Protein/lipid interaction in bacterial photosynthetic reaction center: The role of phosphatidylcholine and phosphatidylglycerol in charge stabilization

The role of characteristic phospholipids of native membranes, phosphatidylcholine, PC, phosphatidylglycerol, PG, and cardiolipin, CL, was studied in the energetics of the acceptor quinone side in photosynthetic reaction centers of Rhodobacter sphaeroides. The rates of the first, kAB(1), and the second, kAB(2), electron transfer and that of the charge recombination, kBP, the free energy levels of QA-QB and QAQB- states, and the changes of charge compensating protein relaxation were determined in RCs incorporated into artificial lipid bilayer membranes. In RCs embedded in PC vesicle, kAB(1) and kAB(2) increased (3100 s-1 to 4100 s-1 and 740 s-1 to 3300 s-1, respectively), kBP decreased (0.77 s-1 to 0.39 s-1) compared to that measured in detergent at pH 7. In PG, kAB(1) and kBP decreased (to values of 710 s-1, and 0.26 s-1 respectively), while kAB(2) increased to 1500 s-1 at pH 7. The free energy between the QA-QB and QAQB- states decreased in PC and PG (G0QA-QB->QAQB- = -76.9 meV and -88.5 meV, respectively) compared to that of measured in detergent (-61.8 meV).
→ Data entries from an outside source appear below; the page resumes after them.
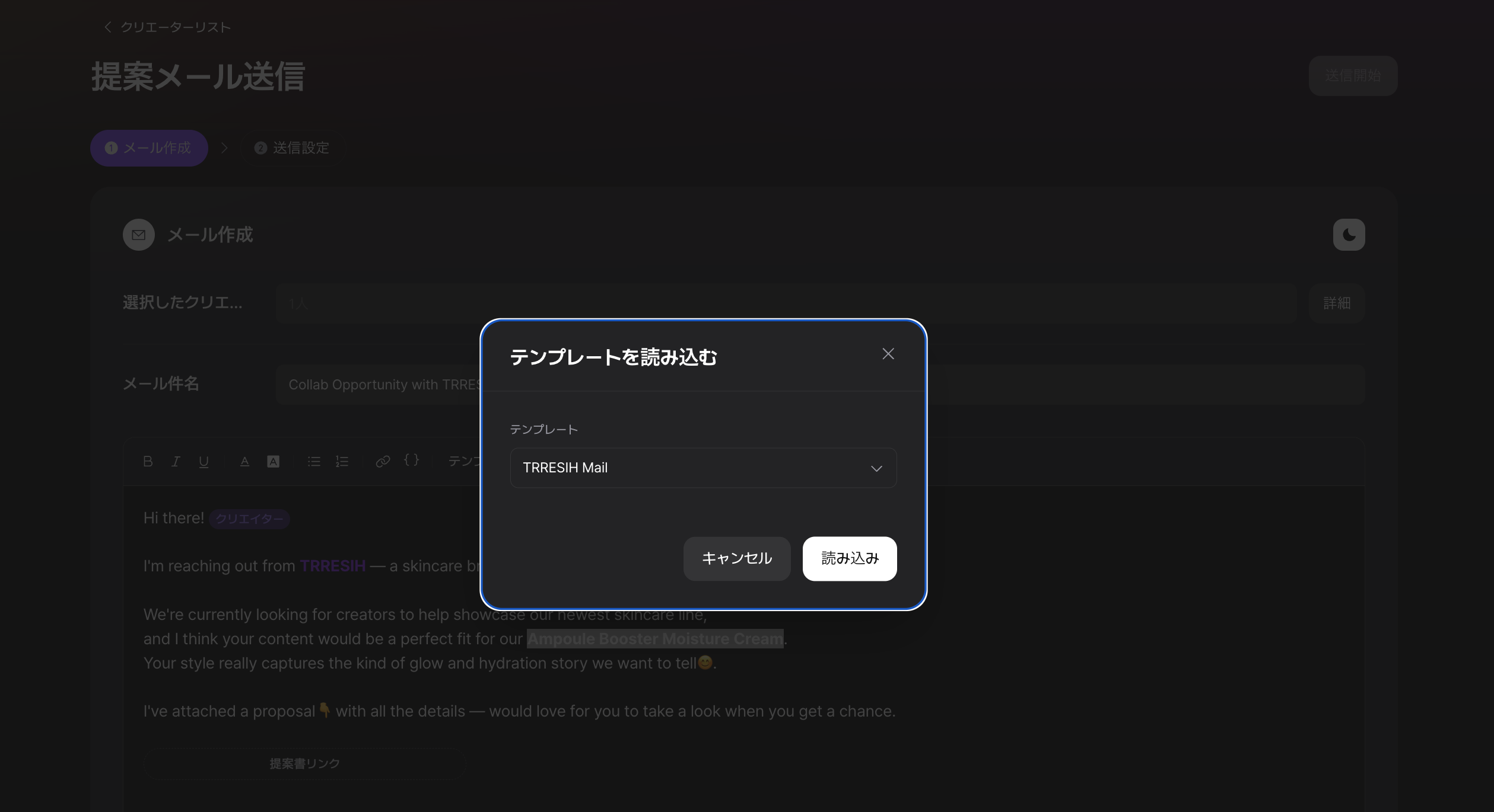 キャンペーンのアウトリーチメッセージを作成する際に、保存したテンプレートを読み込んでそのまま使用できます。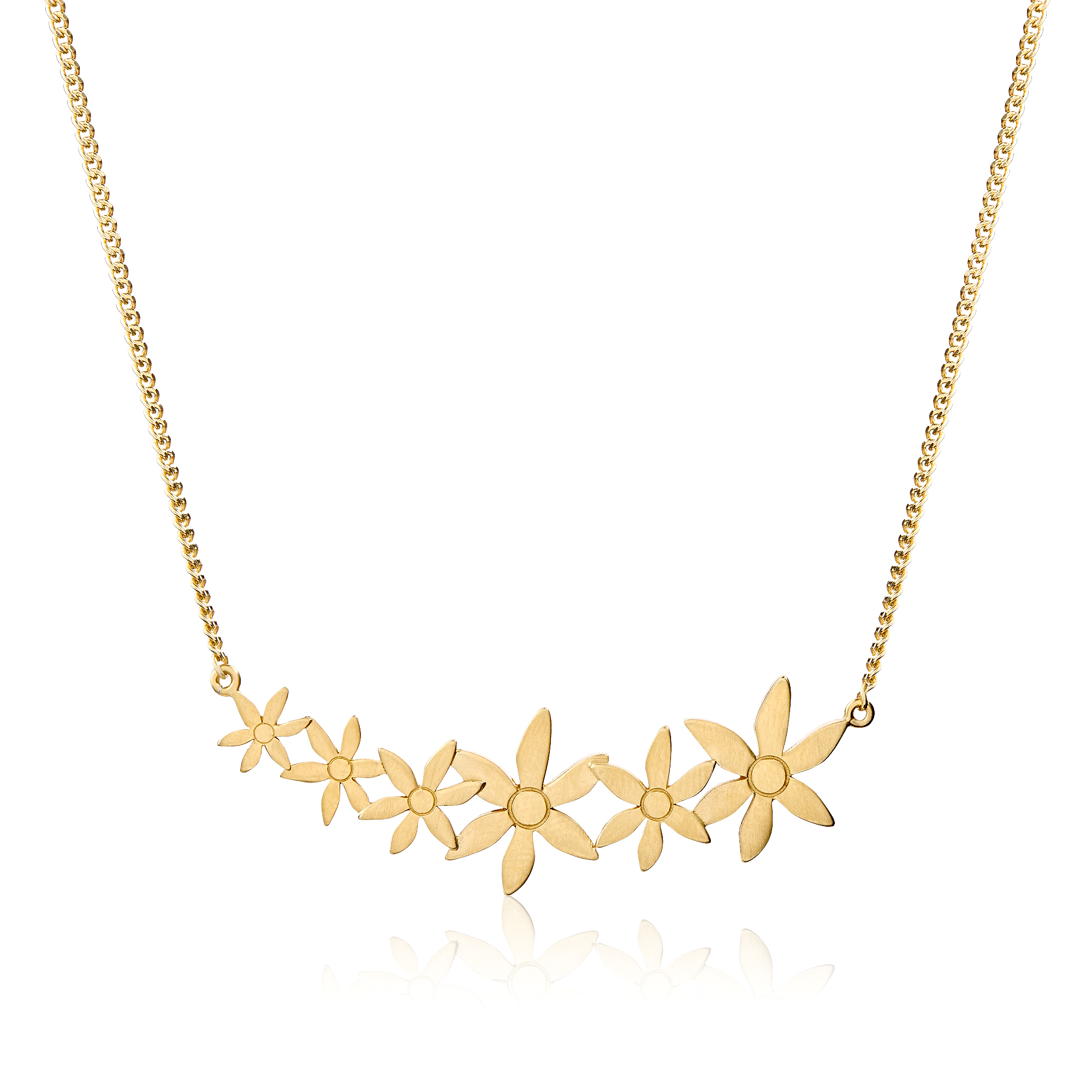 Collar amb 6 Flors de Safrà irregulars de plata 925mm i bany d'or de 18k. Cadena barbada de plata amb bany d'or. Tanca de mosquetó.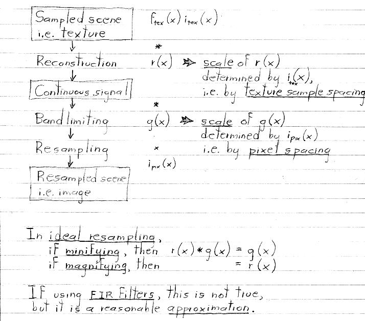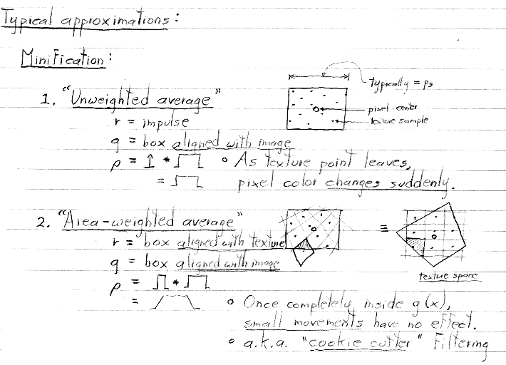 I didn't cover these other filters in class, and I won't hold you responsible for them. There is some discussion of them in Paul Heckbert's article, which I handed out. If you're interested in reading more about texture mapping and filters, Heckbert's Master's thesis (available from his home page) makes excellent reading.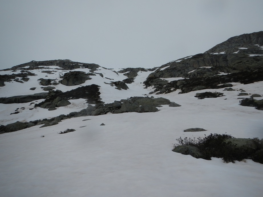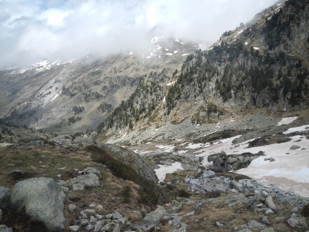 La niebla aparece en algunos momentos y hace difícil orientarse. Debemos avanzar en dirección norte o noroeste para llegar al Glaciar del Aneto y después en dirección oeste bajo el pico Coronas hacia el collado del mismo nombre.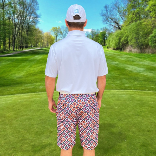 White, Purple, and Orange Diagonal Squares on Black Background Golf Shorts – Hreski 227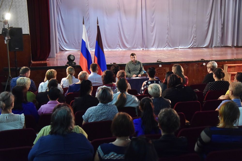 Во вторник, 5 сентября, временно исполняющий обязанности Главы Донецкой Народной Республики Денис Пушилин с рабочим визитом посетил поселок городского типа Тельманово и встретился с сотрудниками сфер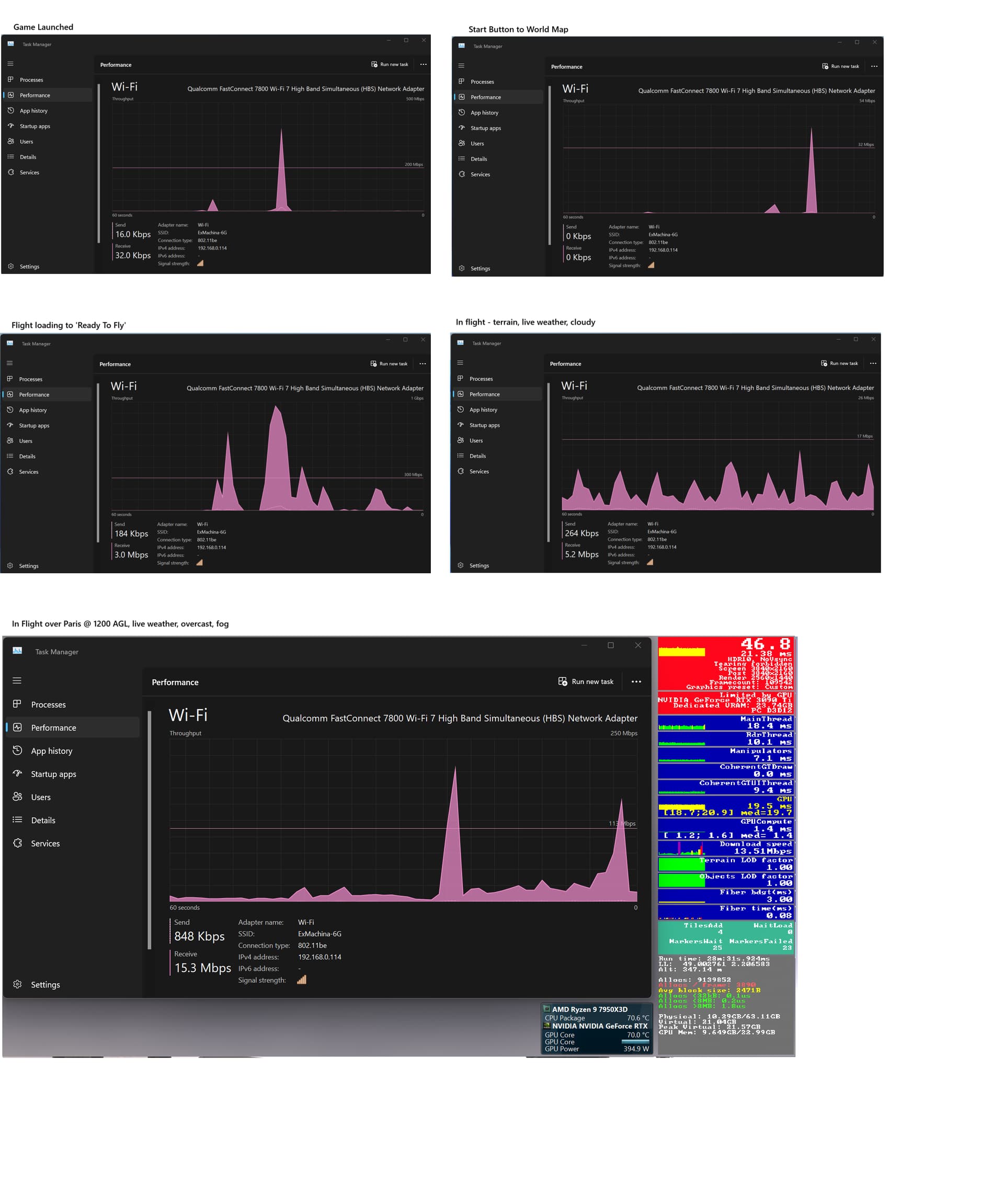 I noticed high download bitrate when the flight was loading, and as you can see, it hit over 200 Mb/s at one point in the flight. Mostly around 10-20 Mb/s.

The changes of the QA/QA- redox potential measured by delayed luminescence showed: 1) differential effect of lipids whether incorporated in micelles or vesicules; 2) altered binding interaction between anionic lipids and RC; 3) direct influence of PC and PG on the free energy levels of the primary and secondary quinones probably through the intraprotein hydrogen bonding network; 4) larger increase of the QA/QA- free energy in PG than in PC both in detergent micelles or in single component vesicles. Based on recent structural data possible interactions between lipids and the electron transfer components will be discussed.